Randow stuff

let's build something beautiful

A First Look At the AOL data

Among all the controversy, the AOL data is still a unique source of very interesting data. Here is the account of my first explorations.

Exploiting the data

In order to see anything useful from a huge pile of data like that (around 500MB compressed), it is necessary to search for some repetitive patterns. For my first exploration, I have decided to explore the relationships between frequent search keywords. Using python and the graph package pydot (graphviz), it is possible to quite simply plot some interesting relations.

The algorithm selects some of the most popular keywords, excluding unintersting ones like "the" "for" or "and". It then constructs a weighted graph with edges denoting a link between two keywords.
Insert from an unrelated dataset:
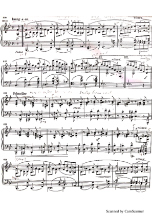 This version convinces me more- especially the transition and opening measures, where the stark, contrasting character is established immediately thanks to the more stable rhythm. Perhaps the "serious" aspects of the music here are too dominant to be downplayed into "whimsy", and the irony is best allowed to speak for itself? In any case, I have the impression that the general intensification of the music which Schumann indicates is key here- it should be produced in an even more obsessively stable manner.

There is a link between two keywords if they were searched together. For example, if a user searched for "new york", there is a link between "new" and "york". The weight is the number of times the keywords were searched together.I then select only a number of the highest weighted edges, and draw the graph with pydot. Source code is included at the end of this post, I hope people will play with it and post other results.

Here is the kind of results you can obtain:

Huge high-res

This is still kind of raw and rather unexploitable. Fortunately, it is possible to vary the number of words and edges. Playing a little bit with the parameters, it is possible to to cluster the data. I found that 90% of searches fall down into three categories. Local US search (entertainement, real estate, universities, etc.), Porn, and Music. Here is a closer look at all three clusters:

US related stuff

US relatedhigh-res.

Porn cluster

Music and lyrics cluster

qsdfhigh-res

Central words

When you explore the data a little more, it becomes apparent that some words play the role of anchors: "county", "lyrics", or "new". The other words combine with them to specify there meaning: "one (more) time lyrics", "new york", "county court house". Here is a really huge map illustrating these concepts: (be patient, it will take a little while to load, imageshack is really slow)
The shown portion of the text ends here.